Hohenfels - Das Landhotel

Etwas außerhalb der kleinen Ortschaft Tannheim befindet sich dieses sympathische Genießerhotel, das von allen Zimmern einen fantastischen Blick auf die umliegende Bergwelt bietet. Ein idealer Ausgangspunkt also für Wanderungen und Mountainbike-Touren im Sommer oder zum Skifahren und Langlaufen im Winter. Für Gäste wird jeden Tag ein sportliches Programm mit persönlicher Betreuung organisiert.

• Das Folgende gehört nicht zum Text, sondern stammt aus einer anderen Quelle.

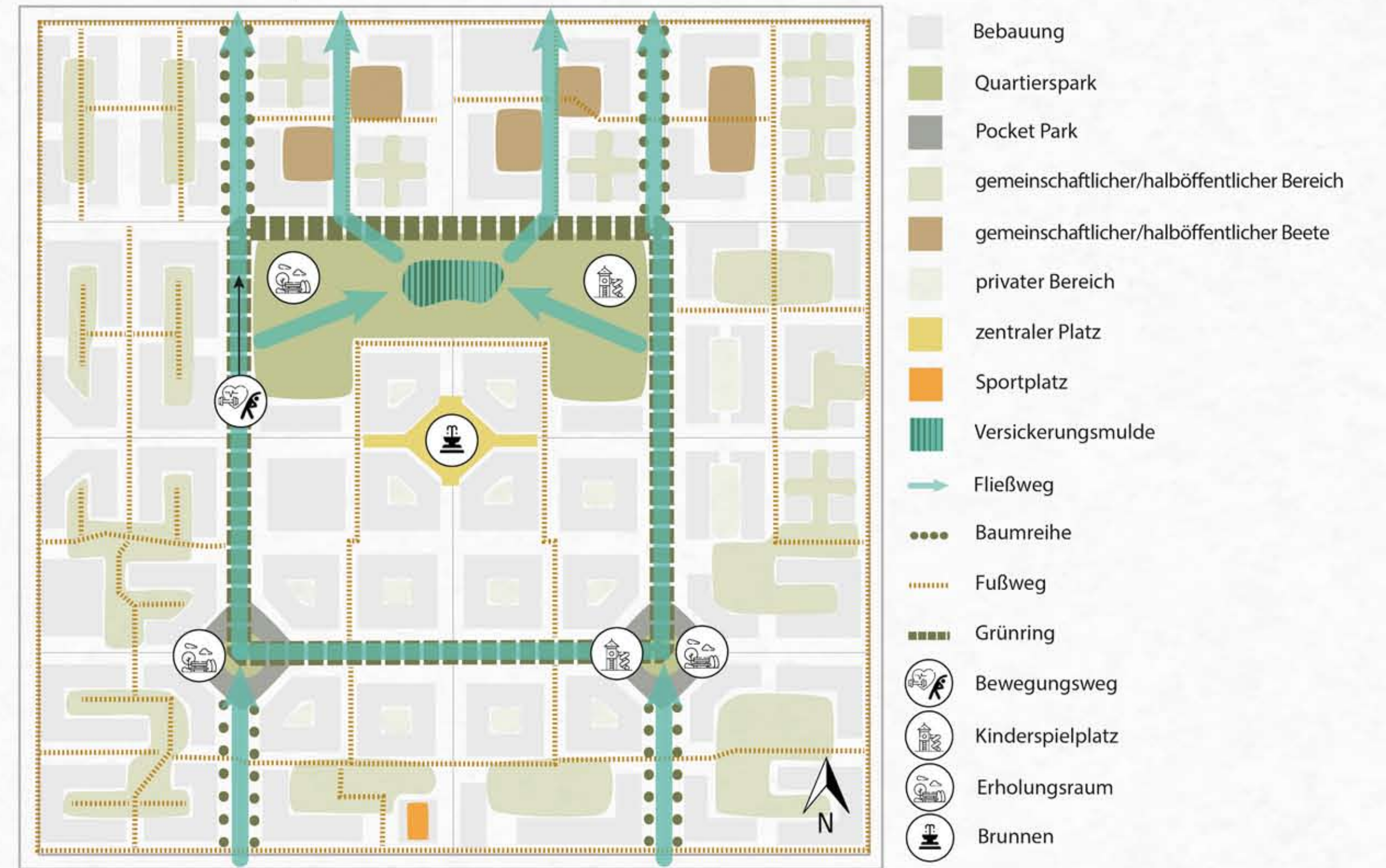
Freiflächenkonzept Maßstab 1:2000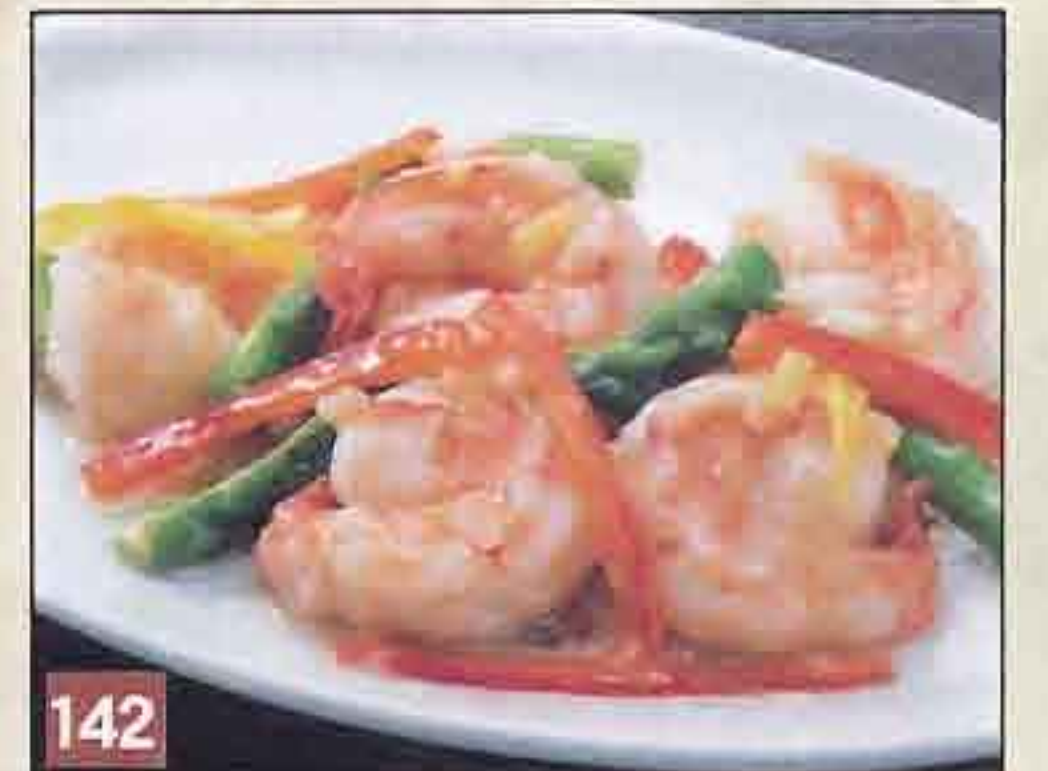
142 大海老と野菜のノンオイル 塩炒め 1,250円(税込1,350円) 49.2kcal

Tadellos auch der Wellness-Bereich im Haus mit Außen- und Innenpool, mehreren Saunen und einem kleinen, aber feinen Massage- und Beauty-Angebot. Die familiäre Atmosphäre, um die sich das Gastgeber-Ehepaar Monika und Wolfgang Radi und sein Team täglich bemüht, schafft gediegene Behaglichkeit, die von den Stammgästen aus dem In- und Ausland besonders geschätzt wird.